All statistical analyses were performed in R (version 3.5.0), and two-sided P value <0.05 was considered as statistically significant.
Data and Resource Availability
The KORA F4/FF4 data sets are not publicly available because of data protection agreements but can be provided on request through the KORA-PASST (project application self-service tool [www.helmholtz-muenchen.de/kora-gen]).
Results
Baseline Characteristics of Study Participants
Among 1,838 eligible, non-CKD participants of the KORA F4 study, 200 individuals developed CKD during a mean follow-up of 6.5 years (Fig. 1 and Table 1). Incident CKD was diagnosed more frequently in hyperglycemic participants (22.1%) than in individuals with NGT (7.9%) (Table 1). Compared with non-CKD individuals, the incident CKD case subjects in hyperglycemic and NGT groups were significantly older and had significantly higher baseline values of HbA1c, fasting and 2-h glucose, and UACR, whereas their baseline eGFR values were significantly lower. They also self-reported a significantly higher intake of antihypertensive and lipid-lowering medication (Table 1).

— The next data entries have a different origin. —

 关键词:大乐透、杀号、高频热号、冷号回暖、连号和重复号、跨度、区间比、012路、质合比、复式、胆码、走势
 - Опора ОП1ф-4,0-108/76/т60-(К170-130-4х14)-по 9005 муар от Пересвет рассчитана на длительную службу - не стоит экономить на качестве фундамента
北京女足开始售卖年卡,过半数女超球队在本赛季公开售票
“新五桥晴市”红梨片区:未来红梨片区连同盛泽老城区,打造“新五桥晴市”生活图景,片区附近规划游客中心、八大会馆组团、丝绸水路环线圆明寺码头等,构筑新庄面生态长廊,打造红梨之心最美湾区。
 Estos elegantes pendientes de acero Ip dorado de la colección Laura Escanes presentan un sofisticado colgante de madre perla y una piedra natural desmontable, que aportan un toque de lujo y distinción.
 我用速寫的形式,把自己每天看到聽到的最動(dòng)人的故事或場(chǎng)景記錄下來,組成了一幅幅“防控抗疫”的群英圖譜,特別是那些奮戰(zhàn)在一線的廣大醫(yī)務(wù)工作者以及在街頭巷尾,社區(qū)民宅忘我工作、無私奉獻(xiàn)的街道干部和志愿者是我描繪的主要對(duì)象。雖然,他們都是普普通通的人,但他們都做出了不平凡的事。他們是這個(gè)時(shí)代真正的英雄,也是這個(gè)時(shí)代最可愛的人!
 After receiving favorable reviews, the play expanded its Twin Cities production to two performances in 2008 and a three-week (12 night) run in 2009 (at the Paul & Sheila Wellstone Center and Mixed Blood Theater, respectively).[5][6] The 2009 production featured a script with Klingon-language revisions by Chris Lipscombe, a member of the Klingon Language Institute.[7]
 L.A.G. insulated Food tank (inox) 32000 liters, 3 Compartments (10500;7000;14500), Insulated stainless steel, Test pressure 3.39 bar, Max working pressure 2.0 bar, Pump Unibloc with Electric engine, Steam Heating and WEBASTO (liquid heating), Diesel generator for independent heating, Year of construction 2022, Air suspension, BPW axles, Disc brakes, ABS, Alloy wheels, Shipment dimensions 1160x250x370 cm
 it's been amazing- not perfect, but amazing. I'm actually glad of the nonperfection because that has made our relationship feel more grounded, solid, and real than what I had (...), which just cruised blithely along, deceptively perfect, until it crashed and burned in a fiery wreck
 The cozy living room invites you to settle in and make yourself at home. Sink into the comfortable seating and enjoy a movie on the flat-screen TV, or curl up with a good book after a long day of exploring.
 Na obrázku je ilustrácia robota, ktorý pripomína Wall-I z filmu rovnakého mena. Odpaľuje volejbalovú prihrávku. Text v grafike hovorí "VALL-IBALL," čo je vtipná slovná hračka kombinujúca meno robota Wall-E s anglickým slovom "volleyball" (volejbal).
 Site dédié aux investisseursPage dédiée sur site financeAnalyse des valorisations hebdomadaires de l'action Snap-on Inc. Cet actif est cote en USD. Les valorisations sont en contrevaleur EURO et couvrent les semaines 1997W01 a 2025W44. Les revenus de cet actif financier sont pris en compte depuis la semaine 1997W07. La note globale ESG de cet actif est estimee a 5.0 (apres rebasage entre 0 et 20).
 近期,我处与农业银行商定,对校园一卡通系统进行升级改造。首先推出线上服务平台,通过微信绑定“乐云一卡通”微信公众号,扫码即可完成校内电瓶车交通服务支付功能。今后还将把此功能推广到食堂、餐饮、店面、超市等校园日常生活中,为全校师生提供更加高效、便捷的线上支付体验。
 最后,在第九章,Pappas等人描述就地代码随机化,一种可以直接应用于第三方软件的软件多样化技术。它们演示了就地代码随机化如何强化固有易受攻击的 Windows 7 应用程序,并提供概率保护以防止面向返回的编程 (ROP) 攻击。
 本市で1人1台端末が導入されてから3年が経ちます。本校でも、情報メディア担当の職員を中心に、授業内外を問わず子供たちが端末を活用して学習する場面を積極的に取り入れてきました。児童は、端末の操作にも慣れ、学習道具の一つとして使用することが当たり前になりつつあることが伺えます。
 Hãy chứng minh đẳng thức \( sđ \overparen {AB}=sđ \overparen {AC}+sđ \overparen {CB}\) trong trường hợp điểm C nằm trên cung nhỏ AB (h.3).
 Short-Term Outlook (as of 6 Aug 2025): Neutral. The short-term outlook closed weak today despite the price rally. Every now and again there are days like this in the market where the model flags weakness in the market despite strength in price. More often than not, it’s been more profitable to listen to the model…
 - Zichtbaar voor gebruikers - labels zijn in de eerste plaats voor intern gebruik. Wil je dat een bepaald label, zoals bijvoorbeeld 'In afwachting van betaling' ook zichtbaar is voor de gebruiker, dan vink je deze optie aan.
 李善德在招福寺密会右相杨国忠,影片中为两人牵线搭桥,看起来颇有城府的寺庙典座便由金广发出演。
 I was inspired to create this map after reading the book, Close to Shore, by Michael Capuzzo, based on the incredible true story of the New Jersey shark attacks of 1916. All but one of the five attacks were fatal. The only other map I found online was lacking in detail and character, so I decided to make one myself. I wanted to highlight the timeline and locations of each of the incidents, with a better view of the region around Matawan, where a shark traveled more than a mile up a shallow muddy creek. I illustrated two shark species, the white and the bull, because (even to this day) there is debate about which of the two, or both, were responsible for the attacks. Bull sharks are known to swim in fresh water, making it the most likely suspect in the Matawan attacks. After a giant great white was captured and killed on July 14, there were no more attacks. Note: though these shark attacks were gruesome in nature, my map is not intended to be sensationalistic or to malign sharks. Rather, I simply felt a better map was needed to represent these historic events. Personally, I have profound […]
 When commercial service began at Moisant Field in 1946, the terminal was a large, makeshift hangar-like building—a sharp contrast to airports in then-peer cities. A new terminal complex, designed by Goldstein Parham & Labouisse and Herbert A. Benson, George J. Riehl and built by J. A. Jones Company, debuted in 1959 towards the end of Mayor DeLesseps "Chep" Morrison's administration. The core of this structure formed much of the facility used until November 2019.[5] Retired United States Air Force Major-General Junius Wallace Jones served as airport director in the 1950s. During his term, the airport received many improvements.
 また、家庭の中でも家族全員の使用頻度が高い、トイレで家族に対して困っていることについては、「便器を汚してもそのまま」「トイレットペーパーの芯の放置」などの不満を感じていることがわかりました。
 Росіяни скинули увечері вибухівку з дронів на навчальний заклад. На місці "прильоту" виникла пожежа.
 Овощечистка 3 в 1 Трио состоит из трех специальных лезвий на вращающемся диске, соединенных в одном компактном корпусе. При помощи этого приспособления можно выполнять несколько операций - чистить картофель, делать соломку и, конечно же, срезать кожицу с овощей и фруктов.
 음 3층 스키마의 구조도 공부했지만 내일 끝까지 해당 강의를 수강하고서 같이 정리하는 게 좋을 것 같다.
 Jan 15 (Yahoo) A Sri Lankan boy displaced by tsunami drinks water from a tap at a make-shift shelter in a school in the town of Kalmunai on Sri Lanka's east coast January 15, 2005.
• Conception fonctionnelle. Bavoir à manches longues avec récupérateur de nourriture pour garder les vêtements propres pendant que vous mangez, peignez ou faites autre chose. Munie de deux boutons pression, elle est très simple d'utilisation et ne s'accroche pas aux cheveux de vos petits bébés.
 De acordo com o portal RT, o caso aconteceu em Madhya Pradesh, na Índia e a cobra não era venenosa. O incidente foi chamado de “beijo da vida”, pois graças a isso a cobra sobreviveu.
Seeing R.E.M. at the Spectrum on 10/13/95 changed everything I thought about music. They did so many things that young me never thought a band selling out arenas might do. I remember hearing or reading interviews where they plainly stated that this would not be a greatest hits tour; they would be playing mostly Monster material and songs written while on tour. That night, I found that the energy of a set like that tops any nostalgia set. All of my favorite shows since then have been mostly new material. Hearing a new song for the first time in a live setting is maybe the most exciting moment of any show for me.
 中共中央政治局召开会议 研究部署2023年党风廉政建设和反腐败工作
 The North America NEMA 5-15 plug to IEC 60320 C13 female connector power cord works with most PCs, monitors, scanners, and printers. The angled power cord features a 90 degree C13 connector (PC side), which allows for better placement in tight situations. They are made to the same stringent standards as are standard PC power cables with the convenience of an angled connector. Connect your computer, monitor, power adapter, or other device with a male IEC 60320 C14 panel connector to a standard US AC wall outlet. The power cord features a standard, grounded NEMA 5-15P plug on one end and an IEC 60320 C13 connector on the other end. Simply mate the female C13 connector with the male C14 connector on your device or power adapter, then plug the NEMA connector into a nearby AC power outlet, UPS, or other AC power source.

Identification of Metabolite Biomarkers for Incident CKD in Hyperglycemia
Of 125 analyzed metabolites in 385 hyperglycemic participants, the baseline values of 13 metabolites were nominally associated (P < 0.05) with incident CKD, both in basic and full MLR models (Fig. 2A and Supplementary Table 2). Among the 13 metabolites, nine corresponded to sphingomyelins (SMs) and SM C18:1 remained significant after stringent Bonferroni correction (Fig. 2A and Supplementary Fig. 2). Of the 13 metabolites, 4 metabolites were selected by priority-Lasso and 2 (SM C18:1 and phosphatidylcholine diacyl [PC aa] C38:0) remained significant after stepwise AIC selection (Fig. 1). The relative concentrations of the two metabolites were significantly higher in 85 incident CKD case subjects in comparison with 300 non-CKD individuals (Fig. 2B). For example, a SD increase in the ln-transformed SM C18:1 concentration at baseline was associated with a 122% increased odds of CKD at follow-up (full model P = 3.315E−04) (Supplementary Table 2).
The results of the three-step feature selection thus identified two metabolites, SM C18:1 and PC aa C38:0, as candidate biomarkers of incident CKD in hyperglycemic individuals.
Sensitivity Analyses Consolidate the Candidate CKD Biomarkers
Propensity score matching in 385 hyperglycemic individuals resulted in 62 one-to-one matched incident CKD and non-CKD pairs. All covariates from the full model showed similar characteristics between the case and matched control subjects (Supplementary Table 3), and the two candidate biomarkers showed significant risk associations with incident CKD (Supplementary Table 4).
Both metabolites were not significantly associated with incident CKD in 1,453 normoglycemic individuals, i.e., when 115 incident CKD case subjects were compared with 1,338 non-CKD individuals who were both NGT at baseline (Table 1, Supplementary Table 5, and Fig. 2B). This result indicates that the two candidate biomarkers of incident CKD are specific for hyperglycemia.
Their specificity for hyperglycemia was further confirmed by metabolite-glucose interaction analysis. The risk estimates of SM C18:1 and PC aa C38:0 association with incident CKD were significant only in the hyperglycemic subgroup as well as in the top tertile of fasting and 2-h glucose, respectively (Supplementary Table 5). Moreover, SM C18:1 demonstrated significant multiplicative interaction effects with glycemic status and 2-h glucose (Fig. 3 and Supplementary Table 5).
The fourth sensitivity analysis aimed to address the UACR- and eGFR-based outcomes separately. Among 385 hyperglycemic participants, 32 and 65 developed incident CKD according to UACR and eGFR criteria, respectively. Both metabolites showed consistently significant risk effects for the UACR-based incident CKD in hyperglycemic participants, both in basic and in full MLR (Supplementary Table 6). Moreover, SM C18:1 was a significant predictor for eGFR-based incident CKD in the basic MLR (Supplementary Table 6).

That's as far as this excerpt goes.